THE PROBLEM: Return the data exactly, without pictures.

***** INPUT MATERIAL

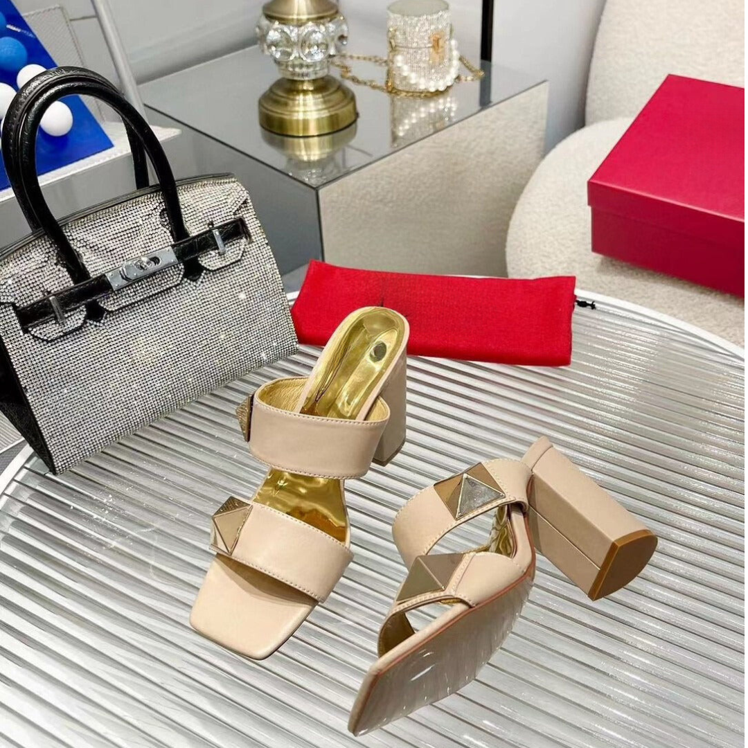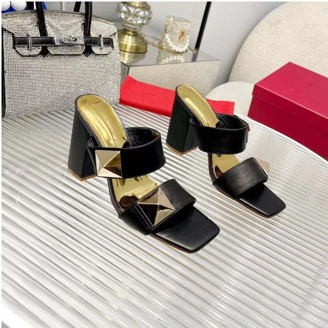 These sandals feature a sturdy chunky heel and a sleek one-line strap decorated with rivets. Perfect for adding a touch of edgy sophistication to any outfit.
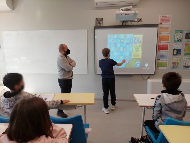 27 Ιανουαρίου 2022Τα παιδιά μας της Ε’ Τάξης στο πλαίσιο των Εργαστηρίων Δεξιοτήτων τους με θεματική: «Γνωρίζω τις φυσικές καταστροφές» πραγματοποίησαν μια σειρά από ασκησούλες στο διαδραστικό πίνακα της τάξης τους. Ειδικότερα, έλυσαν κουίζ για την κατάλληλη συμπεριφορά μας σε περίπτωση σεισμού, οδήγησαν τις διαδικτυακές φιγούρες του παιχνιδιού με ασφάλεια προς την έξοδο του παιχνιδιού, άκουσαν τραγούδια σχετικά με την αντίδραση μας σε περίπτωση σεισμού και συζήτησαν με τους δασκάλους τους γι’ αυτόν, αλλά και για άλλες φυσικές καταστροφές.
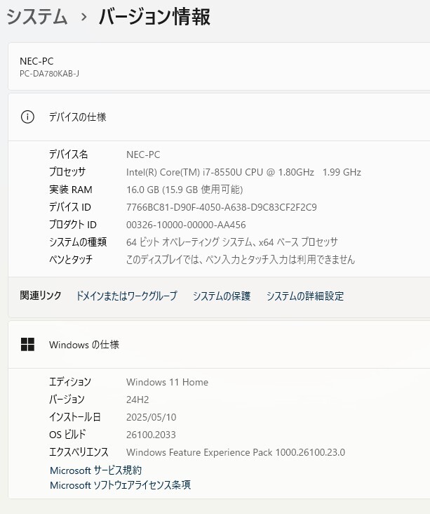型番: NEC LAVIE PC-DA780KAB |
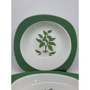 Taylor Smith Taylor, vintage bowl plate set, green rim dinnerware, rustic tableware, farmhouse dishes, tree motif china, TST pottery, collectible ceramics
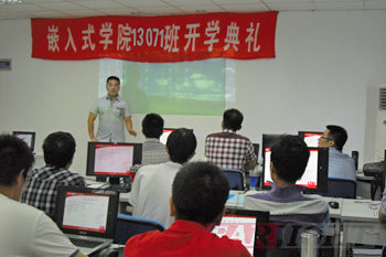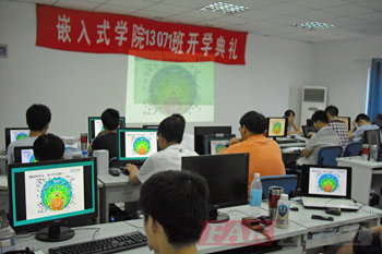 8月12日上午9:10在班主任廖老師的主持下開(kāi)學(xué)典禮正式開(kāi)始。首先廖老師做了簡(jiǎn)短的自我介紹并且代表華清遠(yuǎn)見(jiàn)全體師生對(duì)13071期學(xué)員的到來(lái)表示熱烈的歡迎。接著介紹了參加13071班開(kāi)學(xué)典禮的各位老師,接下來(lái)有上海中心行政老師講話(huà),然后大家以熱烈的掌聲歡迎上海中心負(fù)責(zé)人王老師為典禮致辭,介紹了我們的師資力量和我們的就業(yè)情況,并且跟各位同學(xué)分享了相關(guān)嵌入式的專(zhuān)業(yè)性的技術(shù)交流,后來(lái)播放了一段很有代表性的視頻,王老師首先從宏觀上為學(xué)員分析了嵌入式行業(yè)的發(fā)展前景,然后從相關(guān)政策對(duì)物聯(lián)網(wǎng)大力推行的良好發(fā)展形勢(shì)來(lái)分析目前在全國(guó)正是嵌入式行業(yè)發(fā)展的佳時(shí)機(jī),對(duì)在座各位13071期學(xué)員今天選擇嵌入式這個(gè)行業(yè)表示了肯定。接著對(duì)華清遠(yuǎn)見(jiàn)的發(fā)展史做了詳細(xì)的介紹,并對(duì)嵌入式行業(yè)的前景、與學(xué)院合作的單位、上海中心前幾期學(xué)員學(xué)習(xí)情況和就業(yè)情況等做了簡(jiǎn)單的介紹。同時(shí)王老師也鼓勵(lì)13071期學(xué)員們努力學(xué)習(xí),充分調(diào)動(dòng)起自己的興趣和學(xué)習(xí)積極性,在華清遠(yuǎn)見(jiàn)各位老師的幫助下,真正成為學(xué)有所成的合格嵌入式工程師。然后王老師也給同學(xué)們錢(qián)強(qiáng)調(diào)了學(xué)習(xí)管理制度,也給每位同學(xué)提出了幾點(diǎn)要求,希望同學(xué)們能夠迅速找到適合自己的學(xué)習(xí)方法, 做到盡心盡力,學(xué)有所成。

**********

RESULT OF THE TASK:
 These sandals feature a sturdy chunky heel and a sleek one-line strap decorated with rivets. Perfect for adding a touch of edgy sophistication to any outfit.
 27 Ιανουαρίου 2022Τα παιδιά μας της Ε’ Τάξης στο πλαίσιο των Εργαστηρίων Δεξιοτήτων τους με θεματική: «Γνωρίζω τις φυσικές καταστροφές» πραγματοποίησαν μια σειρά από ασκησούλες στο διαδραστικό πίνακα της τάξης τους. Ειδικότερα, έλυσαν κουίζ για την κατάλληλη συμπεριφορά μας σε περίπτωση σεισμού, οδήγησαν τις διαδικτυακές φιγούρες του παιχνιδιού με ασφάλεια προς την έξοδο του παιχνιδιού, άκουσαν τραγούδια σχετικά με την αντίδραση μας σε περίπτωση σεισμού και συζήτησαν με τους δασκάλους τους γι’ αυτόν, αλλά και για άλλες φυσικές καταστροφές.
型番: NEC LAVIE PC-DA780KAB |
 Taylor Smith Taylor, vintage bowl plate set, green rim dinnerware, rustic tableware, farmhouse dishes, tree motif china, TST pottery, collectible ceramics
 8月12日上午9:10在班主任廖老師的主持下開(kāi)學(xué)典禮正式開(kāi)始。首先廖老師做了簡(jiǎn)短的自我介紹并且代表華清遠(yuǎn)見(jiàn)全體師生對(duì)13071期學(xué)員的到來(lái)表示熱烈的歡迎。接著介紹了參加13071班開(kāi)學(xué)典禮的各位老師,接下來(lái)有上海中心行政老師講話(huà),然后大家以熱烈的掌聲歡迎上海中心負(fù)責(zé)人王老師為典禮致辭,介紹了我們的師資力量和我們的就業(yè)情況,并且跟各位同學(xué)分享了相關(guān)嵌入式的專(zhuān)業(yè)性的技術(shù)交流,后來(lái)播放了一段很有代表性的視頻,王老師首先從宏觀上為學(xué)員分析了嵌入式行業(yè)的發(fā)展前景,然后從相關(guān)政策對(duì)物聯(lián)網(wǎng)大力推行的良好發(fā)展形勢(shì)來(lái)分析目前在全國(guó)正是嵌入式行業(yè)發(fā)展的佳時(shí)機(jī),對(duì)在座各位13071期學(xué)員今天選擇嵌入式這個(gè)行業(yè)表示了肯定。接著對(duì)華清遠(yuǎn)見(jiàn)的發(fā)展史做了詳細(xì)的介紹,并對(duì)嵌入式行業(yè)的前景、與學(xué)院合作的單位、上海中心前幾期學(xué)員學(xué)習(xí)情況和就業(yè)情況等做了簡(jiǎn)單的介紹。同時(shí)王老師也鼓勵(lì)13071期學(xué)員們努力學(xué)習(xí),充分調(diào)動(dòng)起自己的興趣和學(xué)習(xí)積極性,在華清遠(yuǎn)見(jiàn)各位老師的幫助下,真正成為學(xué)有所成的合格嵌入式工程師。然后王老師也給同學(xué)們錢(qián)強(qiáng)調(diào)了學(xué)習(xí)管理制度,也給每位同學(xué)提出了幾點(diǎn)要求,希望同學(xué)們能夠迅速找到適合自己的學(xué)習(xí)方法, 做到盡心盡力,學(xué)有所成。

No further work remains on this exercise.